----- SOURCE INFORMATION

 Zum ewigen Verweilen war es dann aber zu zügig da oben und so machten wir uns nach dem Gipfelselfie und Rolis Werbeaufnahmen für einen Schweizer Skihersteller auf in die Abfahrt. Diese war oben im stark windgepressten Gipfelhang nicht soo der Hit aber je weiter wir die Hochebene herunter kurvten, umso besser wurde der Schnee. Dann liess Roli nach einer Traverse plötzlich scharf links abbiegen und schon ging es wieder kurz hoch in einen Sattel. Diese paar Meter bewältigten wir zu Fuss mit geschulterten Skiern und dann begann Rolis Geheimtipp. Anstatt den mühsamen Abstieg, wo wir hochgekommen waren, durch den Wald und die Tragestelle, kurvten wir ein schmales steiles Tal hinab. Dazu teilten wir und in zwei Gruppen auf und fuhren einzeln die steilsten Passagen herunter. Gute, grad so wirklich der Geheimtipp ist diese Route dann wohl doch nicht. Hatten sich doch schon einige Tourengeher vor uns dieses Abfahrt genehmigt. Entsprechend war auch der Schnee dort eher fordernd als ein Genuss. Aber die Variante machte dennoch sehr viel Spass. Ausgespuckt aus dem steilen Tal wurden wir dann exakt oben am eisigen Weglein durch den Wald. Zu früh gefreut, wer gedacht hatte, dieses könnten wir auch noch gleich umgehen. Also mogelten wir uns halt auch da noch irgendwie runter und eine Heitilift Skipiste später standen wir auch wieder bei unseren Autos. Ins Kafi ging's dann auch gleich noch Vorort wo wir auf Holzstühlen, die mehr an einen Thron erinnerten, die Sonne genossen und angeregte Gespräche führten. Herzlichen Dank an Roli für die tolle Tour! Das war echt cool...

----------
----- SOURCE INFORMATION

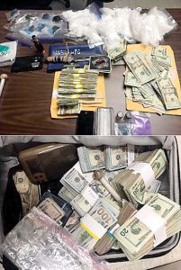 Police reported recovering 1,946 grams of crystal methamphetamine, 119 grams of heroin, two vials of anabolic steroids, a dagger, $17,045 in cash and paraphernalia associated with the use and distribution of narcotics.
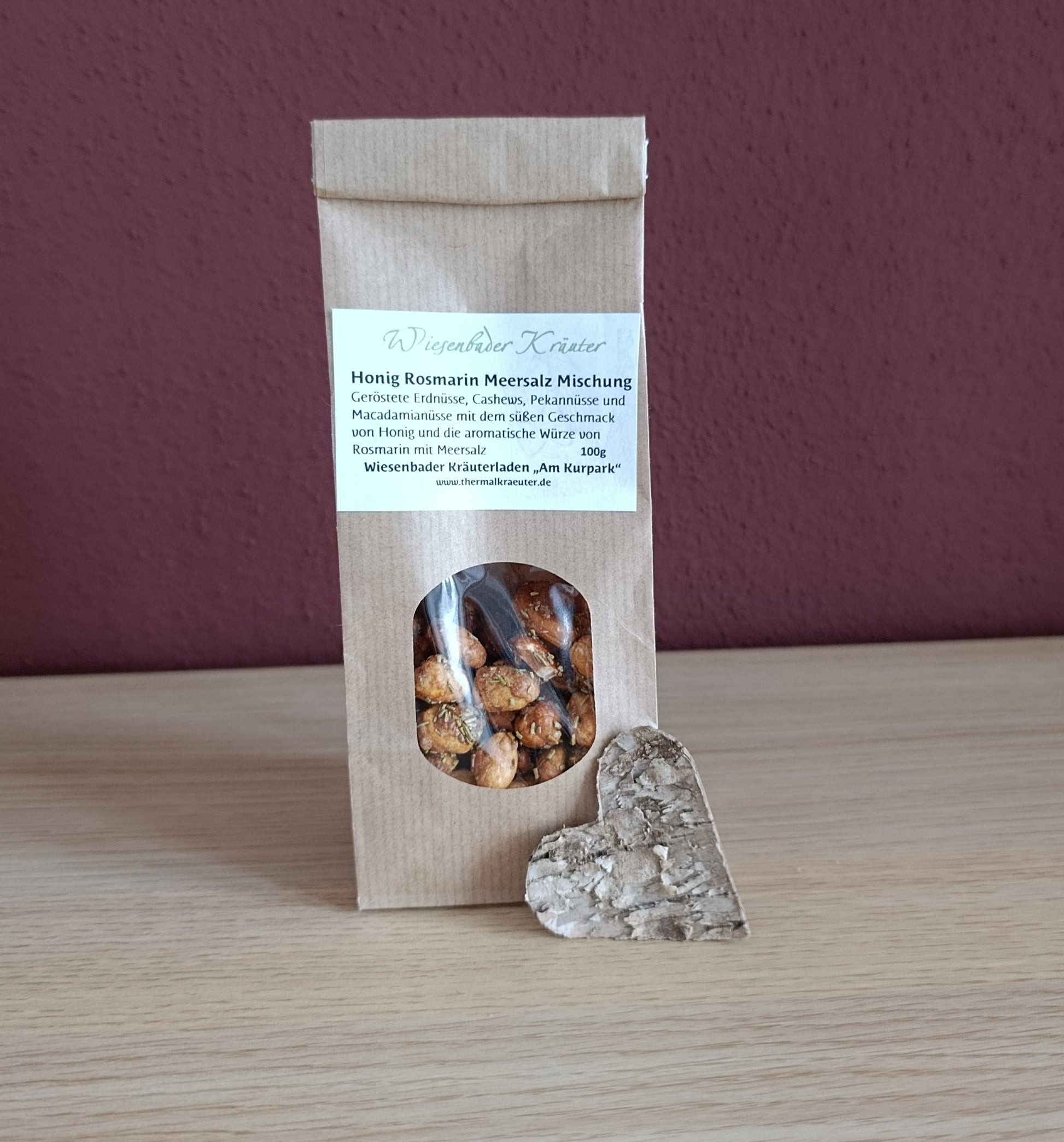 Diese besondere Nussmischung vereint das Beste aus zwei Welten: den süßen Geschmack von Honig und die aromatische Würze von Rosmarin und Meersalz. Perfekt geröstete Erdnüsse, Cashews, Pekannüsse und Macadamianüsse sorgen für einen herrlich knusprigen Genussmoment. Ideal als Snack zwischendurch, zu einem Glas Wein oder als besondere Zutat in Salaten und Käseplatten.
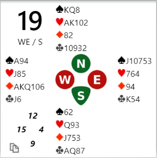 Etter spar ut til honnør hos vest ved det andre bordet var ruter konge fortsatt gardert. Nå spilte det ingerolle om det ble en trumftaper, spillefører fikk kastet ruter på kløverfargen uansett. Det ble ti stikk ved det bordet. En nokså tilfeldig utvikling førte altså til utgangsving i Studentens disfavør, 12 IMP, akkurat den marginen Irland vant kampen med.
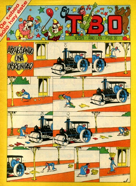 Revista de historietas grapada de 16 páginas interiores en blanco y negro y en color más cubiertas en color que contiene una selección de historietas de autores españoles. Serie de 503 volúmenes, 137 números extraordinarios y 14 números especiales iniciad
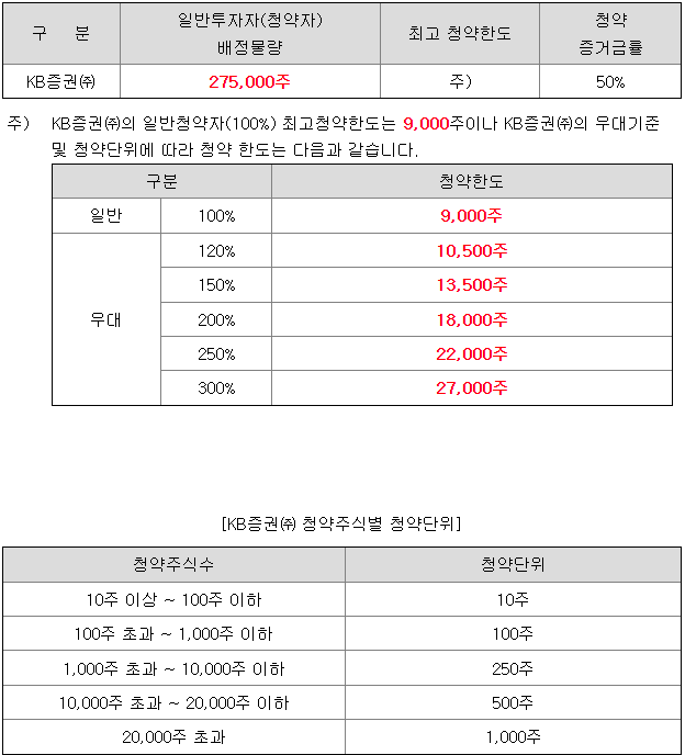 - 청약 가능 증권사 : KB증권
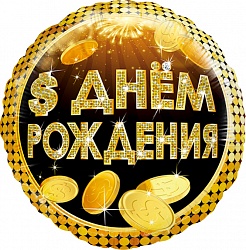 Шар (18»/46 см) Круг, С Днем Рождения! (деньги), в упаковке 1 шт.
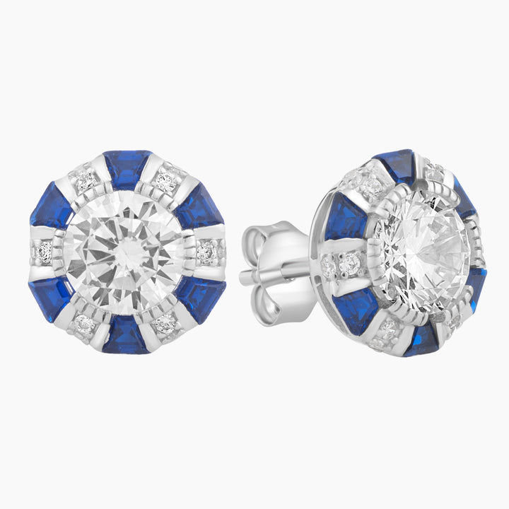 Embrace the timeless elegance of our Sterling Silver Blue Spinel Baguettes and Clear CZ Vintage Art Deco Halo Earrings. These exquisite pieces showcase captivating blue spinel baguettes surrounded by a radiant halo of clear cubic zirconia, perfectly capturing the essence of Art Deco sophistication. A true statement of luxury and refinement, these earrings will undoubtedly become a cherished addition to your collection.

----------

PROBLEM DESCRIPTION » Everything above from the line that has "Revista de historietas" down to the line that has "Embrace the timeless" should be output exactly, with both of those lines included. Leave the pictures behind.

TASK RESPONSE »
 Revista de historietas grapada de 16 páginas interiores en blanco y negro y en color más cubiertas en color que contiene una selección de historietas de autores españoles. Serie de 503 volúmenes, 137 números extraordinarios y 14 números especiales iniciad
 - 청약 가능 증권사 : KB증권
 Шар (18»/46 см) Круг, С Днем Рождения! (деньги), в упаковке 1 шт.
 Embrace the timeless elegance of our Sterling Silver Blue Spinel Baguettes and Clear CZ Vintage Art Deco Halo Earrings. These exquisite pieces showcase captivating blue spinel baguettes surrounded by a radiant halo of clear cubic zirconia, perfectly capturing the essence of Art Deco sophistication. A true statement of luxury and refinement, these earrings will undoubtedly become a cherished addition to your collection.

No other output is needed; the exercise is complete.